WHAT TO DO
All lines below between the line with "We picked up" and the line with "Bridal Dress |", including both, must be copied exactly, and the pictures must be omitted.

DATASET RECORDS

####

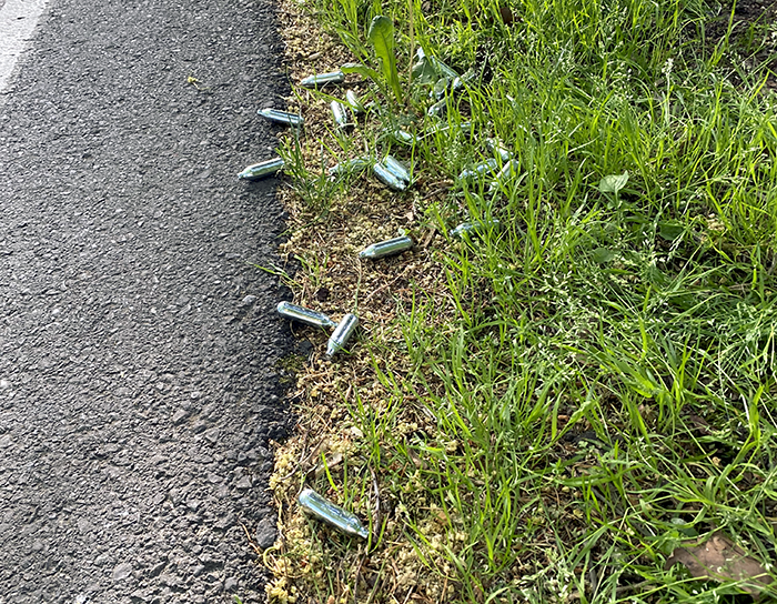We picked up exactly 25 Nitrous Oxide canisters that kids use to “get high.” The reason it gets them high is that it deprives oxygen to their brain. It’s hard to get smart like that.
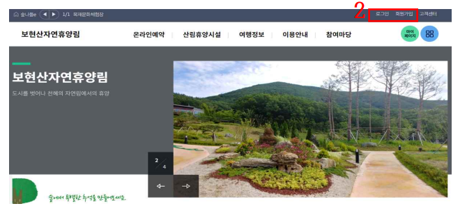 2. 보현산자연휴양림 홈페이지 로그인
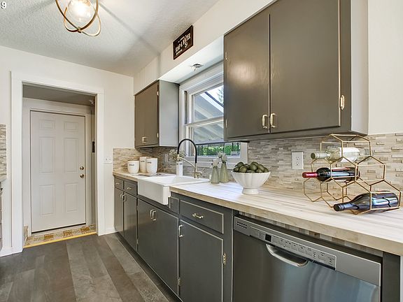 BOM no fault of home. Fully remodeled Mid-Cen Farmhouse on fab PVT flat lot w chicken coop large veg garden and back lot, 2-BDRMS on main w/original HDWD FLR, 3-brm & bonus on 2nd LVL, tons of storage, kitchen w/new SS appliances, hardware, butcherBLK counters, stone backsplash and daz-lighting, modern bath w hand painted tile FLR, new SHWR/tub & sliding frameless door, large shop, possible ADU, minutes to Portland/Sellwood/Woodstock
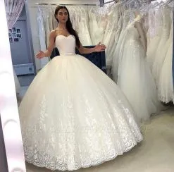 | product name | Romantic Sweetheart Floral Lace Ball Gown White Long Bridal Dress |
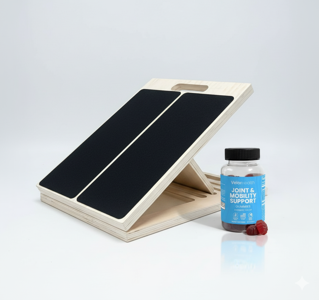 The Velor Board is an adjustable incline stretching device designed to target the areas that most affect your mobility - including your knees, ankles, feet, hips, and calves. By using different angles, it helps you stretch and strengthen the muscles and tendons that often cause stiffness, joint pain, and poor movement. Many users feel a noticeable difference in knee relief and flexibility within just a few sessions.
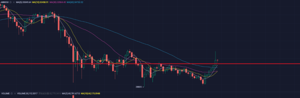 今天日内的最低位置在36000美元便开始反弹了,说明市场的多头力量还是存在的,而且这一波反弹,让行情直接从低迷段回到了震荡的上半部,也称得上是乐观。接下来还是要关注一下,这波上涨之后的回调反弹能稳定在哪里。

####

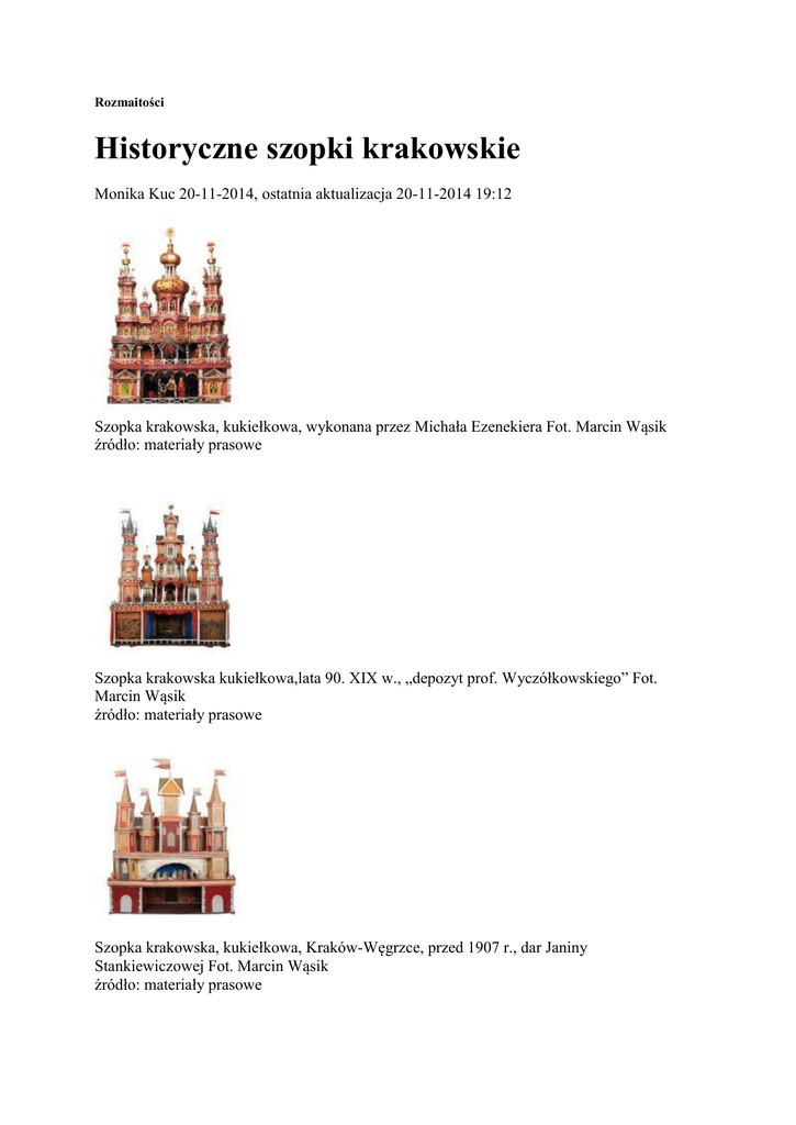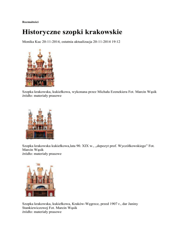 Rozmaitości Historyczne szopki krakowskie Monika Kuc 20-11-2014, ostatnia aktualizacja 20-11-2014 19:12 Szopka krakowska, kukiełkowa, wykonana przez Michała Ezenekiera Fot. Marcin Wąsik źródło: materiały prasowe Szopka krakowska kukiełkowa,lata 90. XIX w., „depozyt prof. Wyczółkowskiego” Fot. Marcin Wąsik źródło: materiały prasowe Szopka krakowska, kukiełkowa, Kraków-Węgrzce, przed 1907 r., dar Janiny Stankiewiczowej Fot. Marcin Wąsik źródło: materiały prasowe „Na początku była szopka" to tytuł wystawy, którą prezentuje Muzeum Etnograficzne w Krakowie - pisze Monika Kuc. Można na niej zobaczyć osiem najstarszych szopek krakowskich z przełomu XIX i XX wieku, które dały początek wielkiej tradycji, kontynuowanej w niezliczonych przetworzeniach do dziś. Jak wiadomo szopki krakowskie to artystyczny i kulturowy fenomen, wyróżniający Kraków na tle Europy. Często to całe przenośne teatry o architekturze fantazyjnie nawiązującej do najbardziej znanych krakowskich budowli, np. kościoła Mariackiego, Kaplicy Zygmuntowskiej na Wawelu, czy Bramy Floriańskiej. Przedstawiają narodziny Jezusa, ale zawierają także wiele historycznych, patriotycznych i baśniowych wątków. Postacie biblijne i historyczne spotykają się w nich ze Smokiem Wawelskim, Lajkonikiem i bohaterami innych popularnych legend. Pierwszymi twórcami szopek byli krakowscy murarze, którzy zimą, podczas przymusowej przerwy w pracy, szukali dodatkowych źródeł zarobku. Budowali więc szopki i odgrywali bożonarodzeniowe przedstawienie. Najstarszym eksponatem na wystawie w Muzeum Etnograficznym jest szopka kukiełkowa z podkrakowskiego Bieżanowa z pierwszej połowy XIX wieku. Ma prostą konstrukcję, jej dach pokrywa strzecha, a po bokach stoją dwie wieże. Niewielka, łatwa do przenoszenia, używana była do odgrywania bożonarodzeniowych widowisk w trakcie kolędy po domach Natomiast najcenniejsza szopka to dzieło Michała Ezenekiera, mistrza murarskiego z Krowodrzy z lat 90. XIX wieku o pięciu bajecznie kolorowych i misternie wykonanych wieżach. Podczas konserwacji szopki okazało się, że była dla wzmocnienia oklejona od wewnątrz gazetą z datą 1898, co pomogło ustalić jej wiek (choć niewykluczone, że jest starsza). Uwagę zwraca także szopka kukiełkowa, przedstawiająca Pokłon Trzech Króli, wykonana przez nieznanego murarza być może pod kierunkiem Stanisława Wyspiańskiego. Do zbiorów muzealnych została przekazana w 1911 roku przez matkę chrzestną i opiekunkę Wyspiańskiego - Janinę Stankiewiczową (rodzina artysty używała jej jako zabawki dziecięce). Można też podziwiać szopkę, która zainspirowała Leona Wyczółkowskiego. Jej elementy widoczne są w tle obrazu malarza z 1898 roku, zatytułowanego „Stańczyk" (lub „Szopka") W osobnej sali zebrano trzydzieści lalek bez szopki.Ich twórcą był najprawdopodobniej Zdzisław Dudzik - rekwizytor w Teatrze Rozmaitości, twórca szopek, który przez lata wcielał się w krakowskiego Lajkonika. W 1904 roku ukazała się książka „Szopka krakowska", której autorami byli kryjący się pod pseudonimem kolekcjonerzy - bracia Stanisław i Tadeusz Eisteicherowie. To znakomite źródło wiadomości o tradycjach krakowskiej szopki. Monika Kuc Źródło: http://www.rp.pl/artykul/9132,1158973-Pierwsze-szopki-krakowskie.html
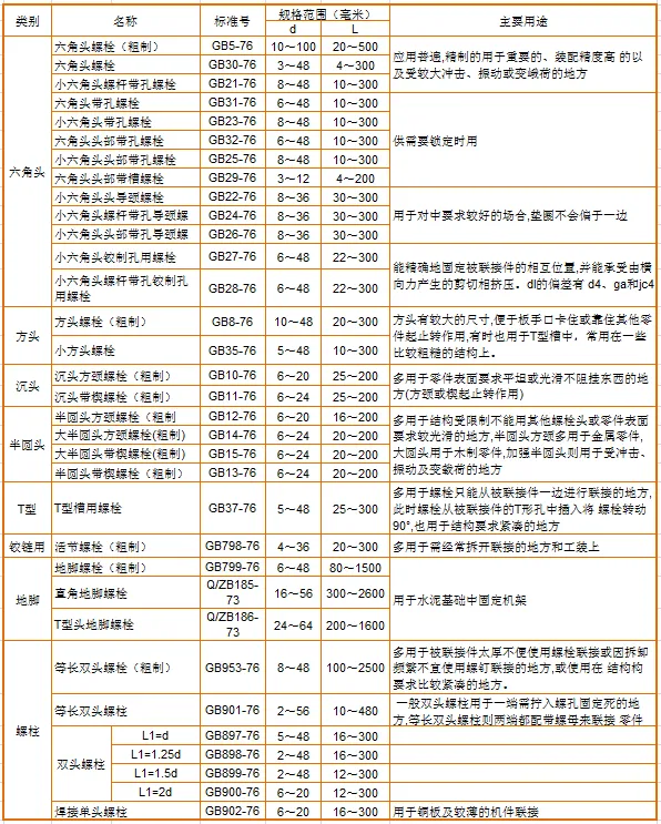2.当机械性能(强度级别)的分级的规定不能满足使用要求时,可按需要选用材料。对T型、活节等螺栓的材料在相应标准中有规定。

####

ANSWER TO THIS TASK
We picked up exactly 25 Nitrous Oxide canisters that kids use to “get high.” The reason it gets them high is that it deprives oxygen to their brain. It’s hard to get smart like that.
 2. 보현산자연휴양림 홈페이지 로그인
 BOM no fault of home. Fully remodeled Mid-Cen Farmhouse on fab PVT flat lot w chicken coop large veg garden and back lot, 2-BDRMS on main w/original HDWD FLR, 3-brm & bonus on 2nd LVL, tons of storage, kitchen w/new SS appliances, hardware, butcherBLK counters, stone backsplash and daz-lighting, modern bath w hand painted tile FLR, new SHWR/tub & sliding frameless door, large shop, possible ADU, minutes to Portland/Sellwood/Woodstock
 | product name | Romantic Sweetheart Floral Lace Ball Gown White Long Bridal Dress |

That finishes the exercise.